_Listed entries_:
□ □ □ □ □
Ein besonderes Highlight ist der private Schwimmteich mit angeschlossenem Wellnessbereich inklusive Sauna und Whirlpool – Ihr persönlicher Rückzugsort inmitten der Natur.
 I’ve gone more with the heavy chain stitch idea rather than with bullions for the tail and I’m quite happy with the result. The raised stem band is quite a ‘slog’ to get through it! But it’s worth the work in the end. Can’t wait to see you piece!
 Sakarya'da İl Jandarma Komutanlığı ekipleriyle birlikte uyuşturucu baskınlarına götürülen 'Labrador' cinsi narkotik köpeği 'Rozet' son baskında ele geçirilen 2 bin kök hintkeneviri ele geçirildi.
□ □ □ □ □
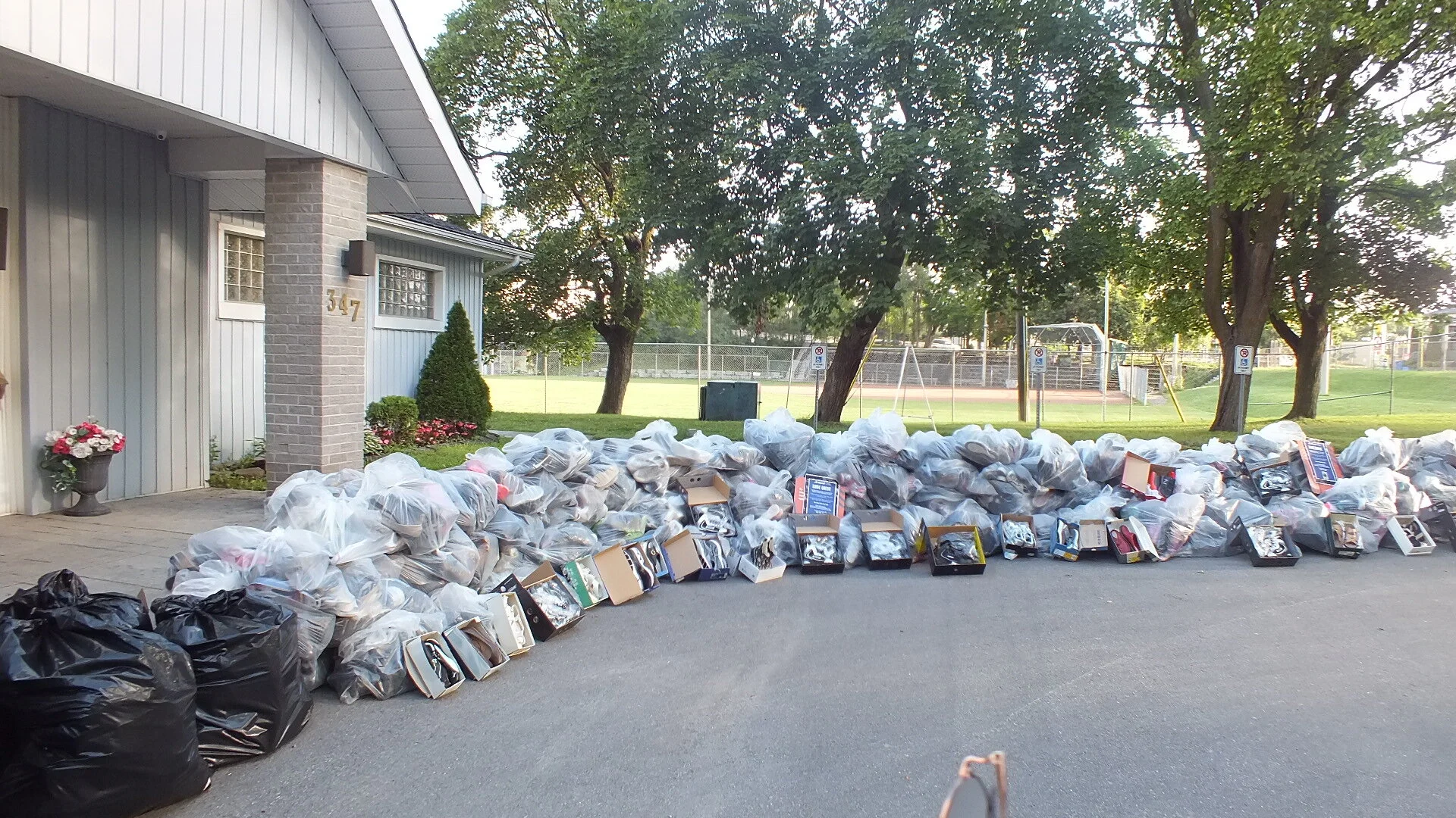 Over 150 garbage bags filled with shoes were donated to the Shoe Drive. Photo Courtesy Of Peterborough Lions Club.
□ □ □ □ □
_What you need to do_: In the listing above, start at the line with "Ein besonderes Highlight", go on through the line with "I’ve gone more", and copy each of those lines exactly; leave out all the rest.

_Task answer_:
Ein besonderes Highlight ist der private Schwimmteich mit angeschlossenem Wellnessbereich inklusive Sauna und Whirlpool – Ihr persönlicher Rückzugsort inmitten der Natur.
 I’ve gone more with the heavy chain stitch idea rather than with bullions for the tail and I’m quite happy with the result. The raised stem band is quite a ‘slog’ to get through it! But it’s worth the work in the end. Can’t wait to see you piece!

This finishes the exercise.